Notice that in this First Treatise passage Locke says that the person in extreme want has a “Title” to what she needs to survive – albeit it is a title bestowed by charity and not by justice. This raises some of the same philosophical issues considered by Vallentyne toward the end of his remarks. Does the loaf-holder have a duty to hand the bread over to the starving individual? Does he at least have a duty to allow her to exercise her liberty to take the bread? If the loaf-holder has duties with respect to the person in extreme want does that mean that she has claim-rights against the loaf-holder? In A Letter Concerning Toleration, Locke holds that although uncharitableness is a sin, it is not subject to punishment by the magistrate because uncharitable conduct is “not prejudicial to other mens Rights….”[3]
The fourth opening for something like the equal blessings of nature into a Lockean system is Locke’s advocacy of the “enough and as good” proviso. The core idea of such a proviso is that people’s acquisition of property and/or their decisions about how they will employ their property may not worsen the condition of others in some way. But in what way may people’s condition not be worsened?
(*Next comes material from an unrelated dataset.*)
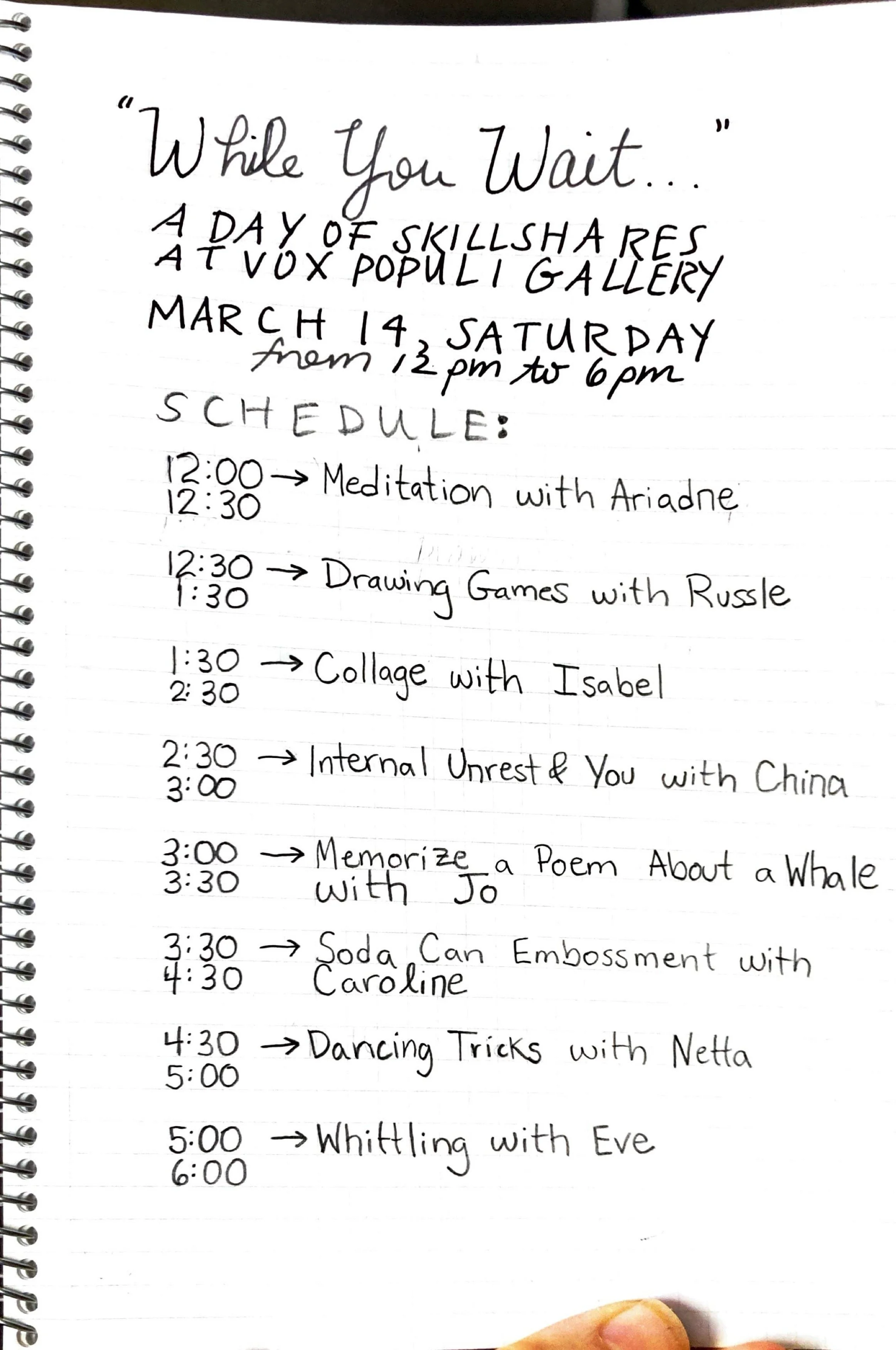 While You Wait - A Day of Workshops - Accompanying Practice Patience, An Exhibition by Lane Timothy Speidel

And what is the baseline for determining whether a person’s condition is worsened in the specified way? And what justifies any such proviso and how does the affirmed proviso fit into an overall Lockean political theory? All these are matters of complex debate. What is salient here is that Vallentyne’s left-Lockean position turns on the inclusion of a bold “enough and as good” proviso. Vallentyne’s proposed proviso requires that an equally valuable share of natural resources be left for each individual or that each individual receive due compensation for anything less than an equally valuable share being left for her. [FN4: Vallentyne might go further. He might require that each be left with a large enough share to provide her with an equal opportunity for wellbeing or receive due compensation for not being left with such a share.]
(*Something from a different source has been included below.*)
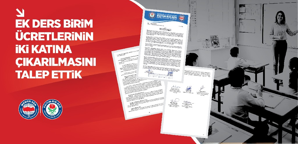 Öğretmenlerin ek ders birim ücretlerinin iki kat artırılması için gerekli düzenlemelerin yapılmasını Cumhurbaşkanlığı ve Milli Eğitim Bakanlığına yaptığımız yazılı başvuru ile talep ettik.

Vallentyne quite rightly notes that he cannot be expected to defend this claim in a short commentary on a short essay about Locke. So it would be unjust for me to launch a full-scale critique here. I will merely highlight three difficulties that I expect readers of this conversation to have. The first is the difficulty of determining what an equally valuable share of natural resources would be. The second is the difficulty of seeing why the benefits provided by natural resources should be shared equally. The third is the difficulty of thinking that raw nature, to any significant degree, provides us with benefits. An important Lockean doctrine is that what provides us with benefits is people doing things with raw stuff that would otherwise be worthless. Endnotes 
[1]For a variety of reasons, I dislike these “right”–“left” labels.
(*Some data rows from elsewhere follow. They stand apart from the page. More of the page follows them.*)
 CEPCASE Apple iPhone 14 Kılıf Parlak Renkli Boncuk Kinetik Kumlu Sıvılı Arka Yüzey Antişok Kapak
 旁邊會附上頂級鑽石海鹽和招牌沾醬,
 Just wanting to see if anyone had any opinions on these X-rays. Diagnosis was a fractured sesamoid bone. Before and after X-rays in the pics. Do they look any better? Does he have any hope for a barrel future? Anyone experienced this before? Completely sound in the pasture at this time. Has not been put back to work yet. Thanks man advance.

[2] A really interesting discussion of this issue of which Locke must have been aware appears in Hugo Grotius’s great 1625 treatise, The Rights of War and Peace, (Indianapolis, IN: Liberty Fund, 2005), Bk.II, Ch.II, VI-IX. Editor’s Note: Hugo Grotius, The Rights of War and Peace, edited and with an Introduction by Richard Tuck, from the Edition by Jean Barbeyrac (Indianapolis: Liberty Fund, 2005). Vol. 2. Bk. II CHAPTER II: VI: Of Things which belong in common to all Men. < /title/1947/121278/2448195>]
[3] A Letter Concerning Toleration, ed. J. Tully (Indianapolis, IN: Hackett Publishing, 1983), 44. Editor’s Note: Or see Liberty Fund’s edition, John Locke, A Letter concerning Toleration and Other Writings, edited and with an Introduction by Mark Goldie (Indianapolis: Liberty Fund, 2010). <oll2.libertyfund.org/titles/2375>.]